A previous post discussed the basics of how and why colored filters can change the relationships of different subject colors in black-and-white photography. This writing will give some visual examples of the effects of filters in BW work.
The example above shows a still-life scene containing a wide range of neutrals and colors, rendered in color, black and white with no filter and then with four strongly colored filters. The effects are commensurate with the color-wheel in the previous post:
#12 Yellow. The lemon and banana are lightened significantly. The near-yellows – red, orange, green are lightened somewhat. The cyan bowl is darkened. Neutrals unchanged.
#25 Red. The lemon and banana are not quite as light as with the yellow filter, but the tomato, radishes and apple have become quite light. The cyan bowl is now quite dark. Neutrals unchanged.
#58 Green. It has turned its opposite and near opposites, radishes, tomato, apples near black. The lettuce is lightened somewhat. Neutrals unchanged.

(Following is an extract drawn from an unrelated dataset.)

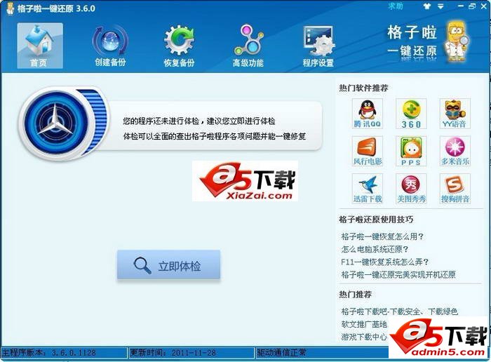 格子啦一键还原性能稳定,只在备份和还原是启动软件,不影响你的工作。格子啦一键还原全面支持win7、windowsXP、vista、2000、2003、2008等系统,支持多硬盘、多分区备份。

#47B Blue. Wowzer! But consider – yellow is opposite blue, and red and green are adjacent to yellow. It darkened everything – except the cyan bowl, which it lightened because that color is its neighbor!
A note: Red or Green with foliage. Green plants and trees don’t always behave the way one might think! Living plants also reflect a great deal of infrared. Broad-leaf plants usually lighten with a green filter, Junipers and piney growths usually do not.